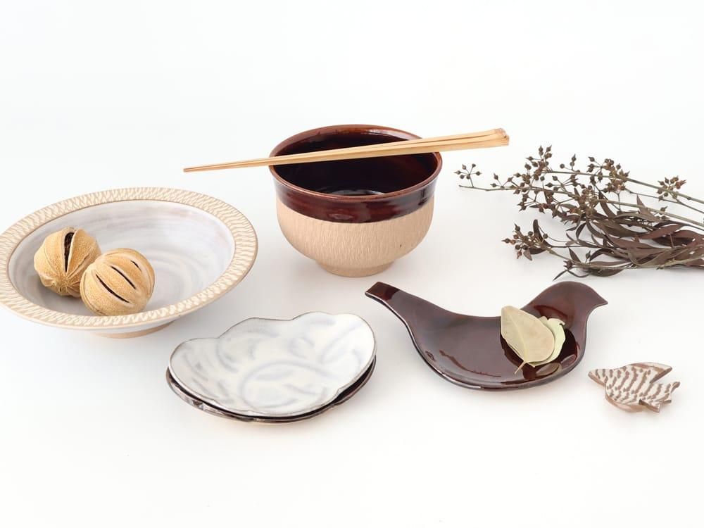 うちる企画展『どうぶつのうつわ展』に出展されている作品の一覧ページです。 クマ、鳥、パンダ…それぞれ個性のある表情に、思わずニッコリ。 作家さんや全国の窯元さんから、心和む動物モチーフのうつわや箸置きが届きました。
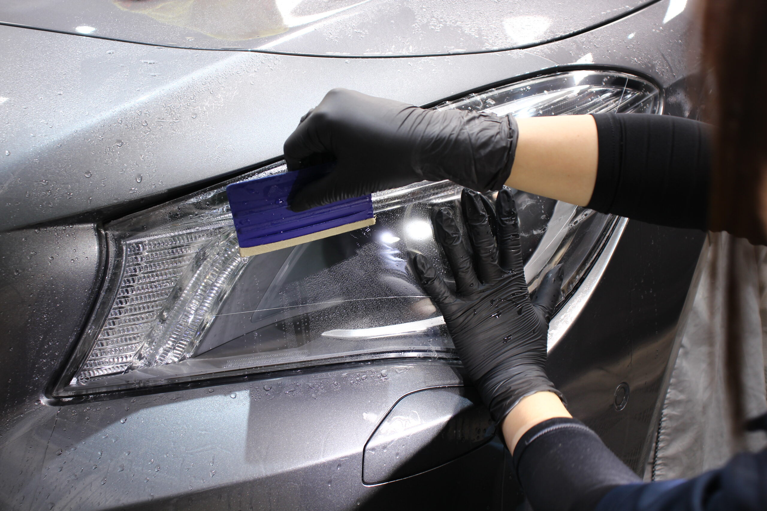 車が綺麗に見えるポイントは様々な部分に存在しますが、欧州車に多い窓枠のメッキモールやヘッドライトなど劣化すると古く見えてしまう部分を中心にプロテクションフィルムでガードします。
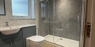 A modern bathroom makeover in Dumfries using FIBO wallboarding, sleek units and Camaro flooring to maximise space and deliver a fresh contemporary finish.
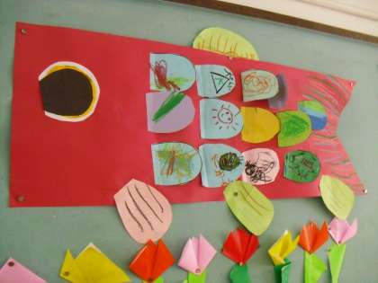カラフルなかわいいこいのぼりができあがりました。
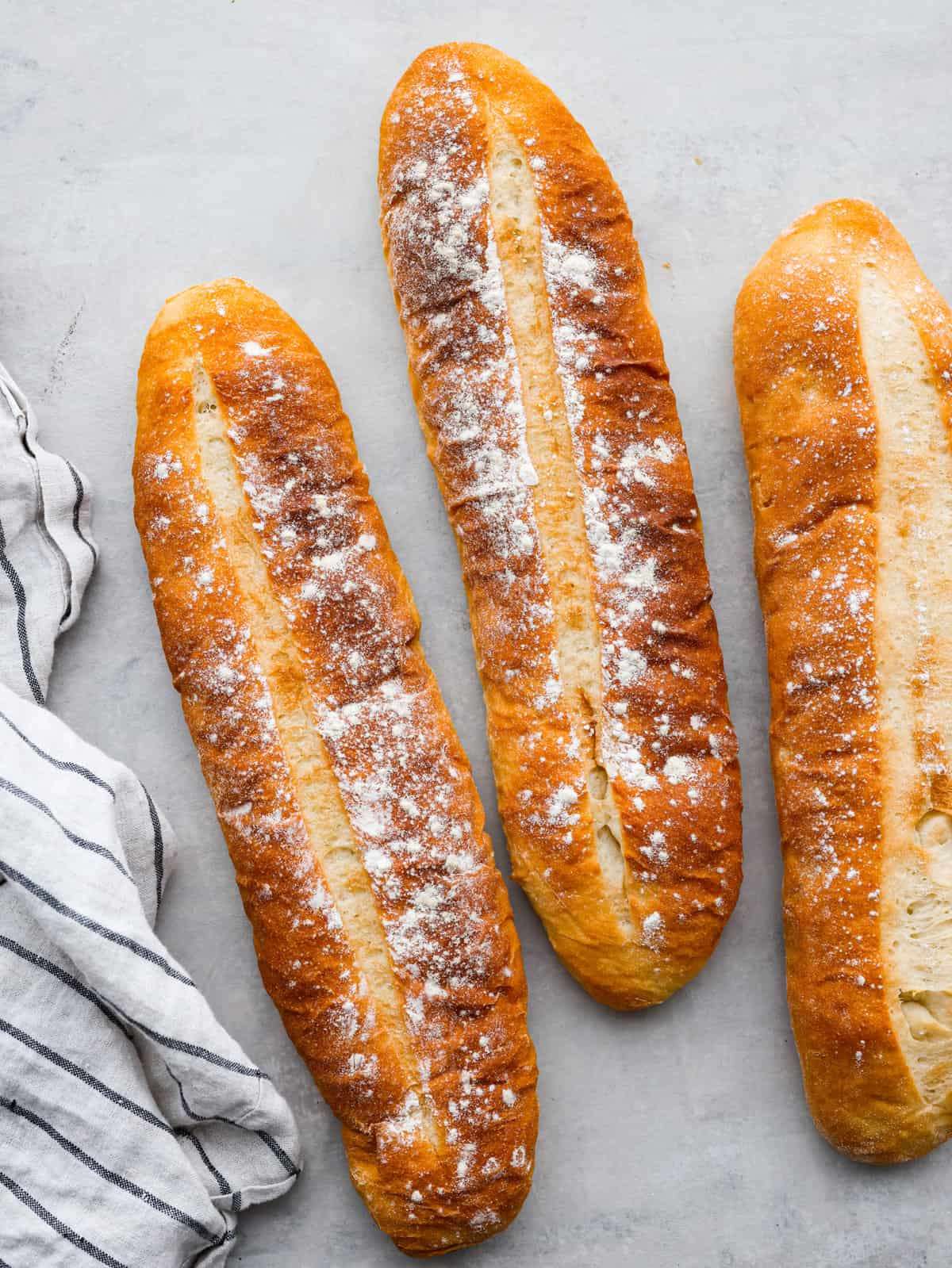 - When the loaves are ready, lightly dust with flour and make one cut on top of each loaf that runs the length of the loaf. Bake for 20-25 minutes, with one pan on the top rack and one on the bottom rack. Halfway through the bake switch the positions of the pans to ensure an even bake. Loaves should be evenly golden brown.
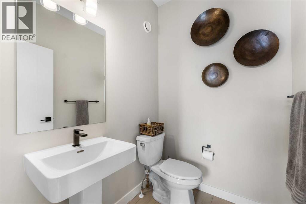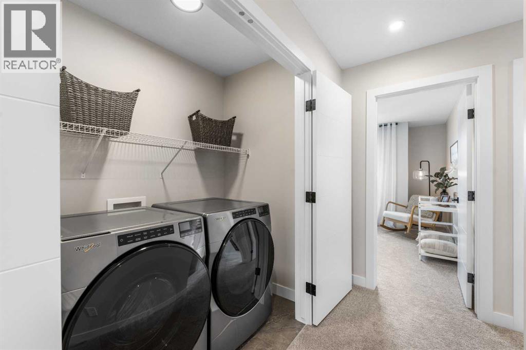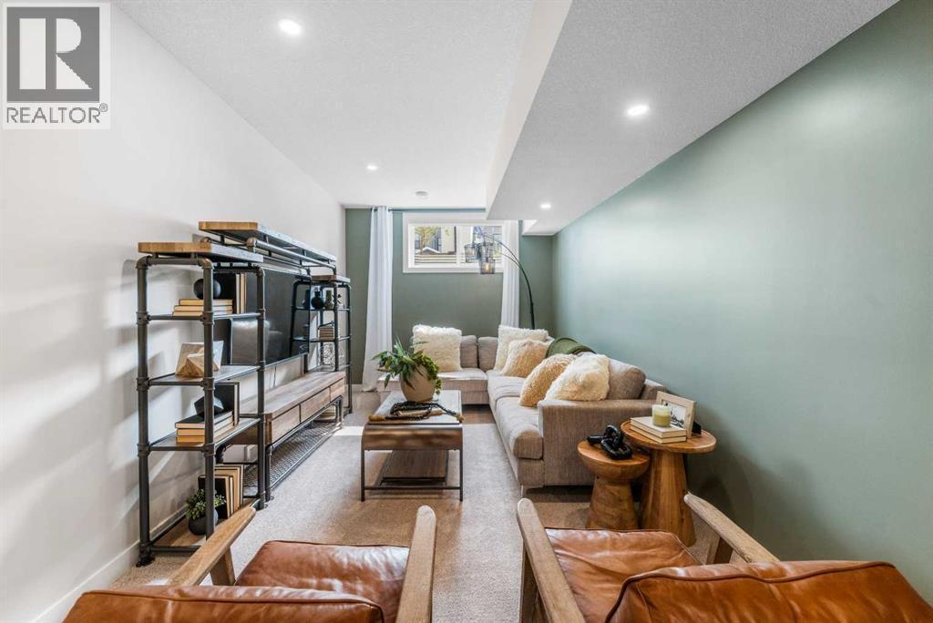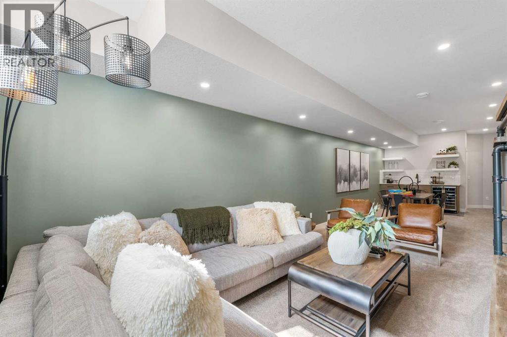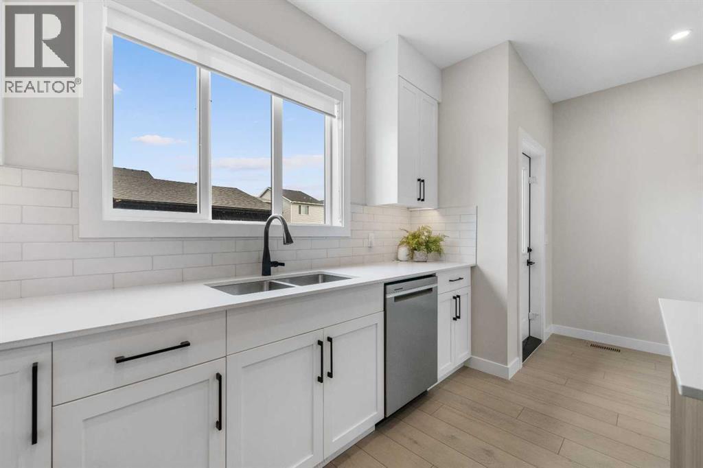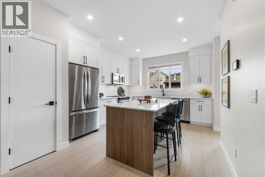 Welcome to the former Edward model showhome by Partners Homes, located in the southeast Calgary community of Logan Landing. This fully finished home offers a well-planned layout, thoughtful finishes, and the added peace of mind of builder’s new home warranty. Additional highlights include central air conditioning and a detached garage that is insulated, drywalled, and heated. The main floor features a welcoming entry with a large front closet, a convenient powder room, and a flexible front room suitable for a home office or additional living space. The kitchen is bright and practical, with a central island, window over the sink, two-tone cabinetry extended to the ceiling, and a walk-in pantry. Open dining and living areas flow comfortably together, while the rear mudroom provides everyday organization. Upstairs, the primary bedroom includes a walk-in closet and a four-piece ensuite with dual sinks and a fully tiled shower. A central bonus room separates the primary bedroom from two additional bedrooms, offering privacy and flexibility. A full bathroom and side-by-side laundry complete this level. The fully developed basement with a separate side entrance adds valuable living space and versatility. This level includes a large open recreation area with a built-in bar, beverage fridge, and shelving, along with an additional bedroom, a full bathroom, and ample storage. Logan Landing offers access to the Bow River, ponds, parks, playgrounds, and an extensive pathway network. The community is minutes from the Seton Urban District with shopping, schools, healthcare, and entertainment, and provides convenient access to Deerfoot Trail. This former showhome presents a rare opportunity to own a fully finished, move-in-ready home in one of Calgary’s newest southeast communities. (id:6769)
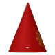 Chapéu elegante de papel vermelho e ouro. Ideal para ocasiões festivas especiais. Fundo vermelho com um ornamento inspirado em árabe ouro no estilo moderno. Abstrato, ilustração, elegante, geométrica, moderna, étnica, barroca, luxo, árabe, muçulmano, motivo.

__________________________________________________

• _YOUR ASSIGNMENT_
Set the entries down exactly, but not the pictures.

• _SOLUTION_
 うちる企画展『どうぶつのうつわ展』に出展されている作品の一覧ページです。 クマ、鳥、パンダ…それぞれ個性のある表情に、思わずニッコリ。 作家さんや全国の窯元さんから、心和む動物モチーフのうつわや箸置きが届きました。
 車が綺麗に見えるポイントは様々な部分に存在しますが、欧州車に多い窓枠のメッキモールやヘッドライトなど劣化すると古く見えてしまう部分を中心にプロテクションフィルムでガードします。
 A modern bathroom makeover in Dumfries using FIBO wallboarding, sleek units and Camaro flooring to maximise space and deliver a fresh contemporary finish.
カラフルなかわいいこいのぼりができあがりました。
 - When the loaves are ready, lightly dust with flour and make one cut on top of each loaf that runs the length of the loaf. Bake for 20-25 minutes, with one pan on the top rack and one on the bottom rack. Halfway through the bake switch the positions of the pans to ensure an even bake. Loaves should be evenly golden brown.
 Welcome to the former Edward model showhome by Partners Homes, located in the southeast Calgary community of Logan Landing. This fully finished home offers a well-planned layout, thoughtful finishes, and the added peace of mind of builder’s new home warranty. Additional highlights include central air conditioning and a detached garage that is insulated, drywalled, and heated. The main floor features a welcoming entry with a large front closet, a convenient powder room, and a flexible front room suitable for a home office or additional living space. The kitchen is bright and practical, with a central island, window over the sink, two-tone cabinetry extended to the ceiling, and a walk-in pantry. Open dining and living areas flow comfortably together, while the rear mudroom provides everyday organization. Upstairs, the primary bedroom includes a walk-in closet and a four-piece ensuite with dual sinks and a fully tiled shower. A central bonus room separates the primary bedroom from two additional bedrooms, offering privacy and flexibility. A full bathroom and side-by-side laundry complete this level. The fully developed basement with a separate side entrance adds valuable living space and versatility. This level includes a large open recreation area with a built-in bar, beverage fridge, and shelving, along with an additional bedroom, a full bathroom, and ample storage. Logan Landing offers access to the Bow River, ponds, parks, playgrounds, and an extensive pathway network. The community is minutes from the Seton Urban District with shopping, schools, healthcare, and entertainment, and provides convenient access to Deerfoot Trail. This former showhome presents a rare opportunity to own a fully finished, move-in-ready home in one of Calgary’s newest southeast communities. (id:6769)
 Chapéu elegante de papel vermelho e ouro. Ideal para ocasiões festivas especiais. Fundo vermelho com um ornamento inspirado em árabe ouro no estilo moderno. Abstrato, ilustração, elegante, geométrica, moderna, étnica, barroca, luxo, árabe, muçulmano, motivo.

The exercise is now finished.